Guerra in Iran, petroliera colpita e prezzo del petrolio schizza: Trump pronto a chiudere senza Hormuz, raid e missili nella notte
La crisi tra Iran, Israele e Stati Uniti si intensifica a livello globale, coinvolgendo anche le rotte energetiche e rischiando di portare il mondo verso una destabilizzazione senza precedenti. Dopo settimane di escalation militare e politica, il conflitto entra in una nuova fase caratterizzata da attacchi mirati, minacce informatiche e tensioni diplomatiche che minacciano di compromettere la sicurezza energetica e la stabilità regionale.
Attacchi e escalation militare
Nelle ultime ore si sono registrati episodi di estrema gravità: a Dubai è stata colpita una petroliera kuwaitiana, l’incendio ancora in corso rappresenta un grave rischio ambientale, mentre in Iran si susseguono esplosioni in diverse città come Teheran, Isfahan e Zanjan, colpite anche infrastrutture strategiche. Le forze israeliane hanno subito perdite significative: quattro soldati uccisi e altri feriti nel sud del Libano, mentre a Gerusalemme le sirene di allerta e gli attacchi missilistici iraniani confermano una notevole intensificazione dei combattimenti.
L’Iran ha lanciato nuovi missile verso Israele, con le difese aeree israeliane che sono entrate in azione, intercettando alcuni vettori. Dall’intelligence americana trapelano notizie di una leadership iraniana frammentata, incapace di coordinare efficacemente le proprie risposte militari a causa di problemi nella comunicazione interna.

Minacce e attacchi informatici
L’ombra del cyberspazio si aggiunge alle minacce: un gruppo di hacker, Handala, ha annunciato un attacco informatico di vasta scala contro una città statunitense, dopo aver preso di mira l’account di un alto funzionario dell’FBI. Si prevedono ulteriori conseguenze in arrivo nelle prossime ore.
Economia e mercato energetico sotto pressione
Il prezzo del petrolio ha subito un forte rialzo, con il Brent che ha superato i 115 dollari al barile e il Wti che ha registrato aumenti prossimi al 4%. Questa impennata rispecchia l’aumentata preoccupazione per la sicurezza delle rotte energetiche, soprattutto dopo che la petroliera al-Salmi è stata colpita a Dubai da un attacco attribuito all’Iran. Le tensioni stanno portando anche a un rialzo delle crisi delle scorte e a una possibile riduzione della disponibilità di carburante a livello mondiale.

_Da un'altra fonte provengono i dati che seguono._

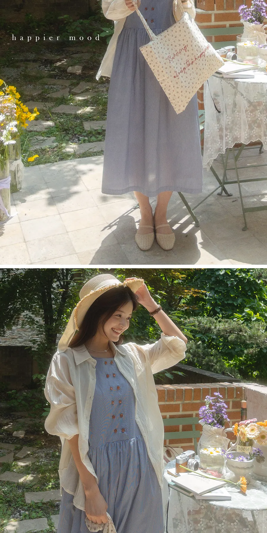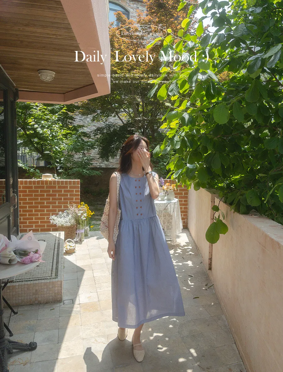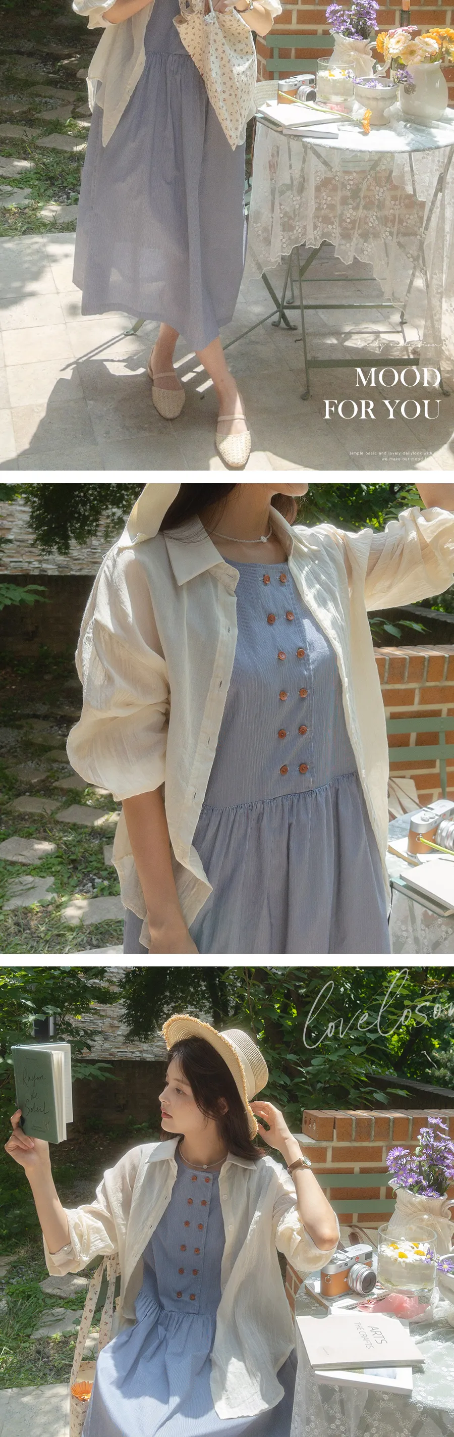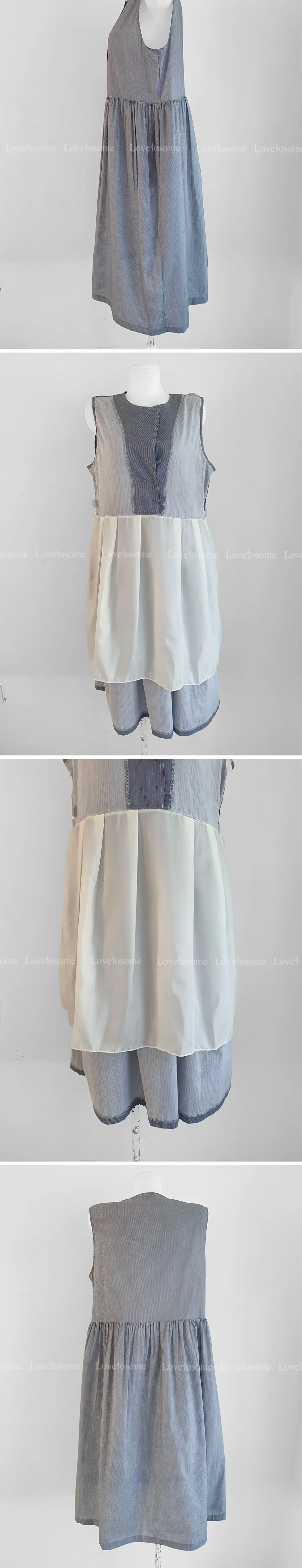 雙排扣無袖長連身裙,有一種復古的魅力。棉質材料使其穿著舒適, 半圓領和長長的衣長打造出修長精緻的廓形,整體寬鬆的版型讓你毫無負擔地享受它。 細條紋圖案打造苗條的輪廓。 前排有一個雙餅乾色的排扣,給人一種更可愛的心情。

Divise le strategie politiche
Sul fronte politico, si approfondiscono le divergenze tra paesi coinvolti. Donald Trump, nonostante le pressioni, sostiene di voler chiudere il conflitto rapidamente, anche senza riaprire lo Stretto di Hormuz, preferendo concentrare gli sforzi sulla neutralizzazione della marina iraniana e dei sistemi missilistici. Nel frattempo, i Paesi del Golfo spingono per continuare la guerra, giudicando ancora troppo debole la posizione iraniana. La recente riunione di emergenza del Consiglio di Sicurezza ONU testimonia la gravità della crisi, con tensioni che rischiano di sfociare in un conflitto mondiale.
Stato di crisi e prospettive future
Il rischio di una crisi ambientale si fa concreto: le fuoriuscite di greggio e i danni ambientali nelle aree interessate sono allarmanti. La regione del Golfo si trova in uno stato di grande instabilità, con i traffici di petrolio in evidente sofferenza e il Canale di Panama che registra un incremento nel traffico a causa della parziale chiusura dello stretto di Hormuz.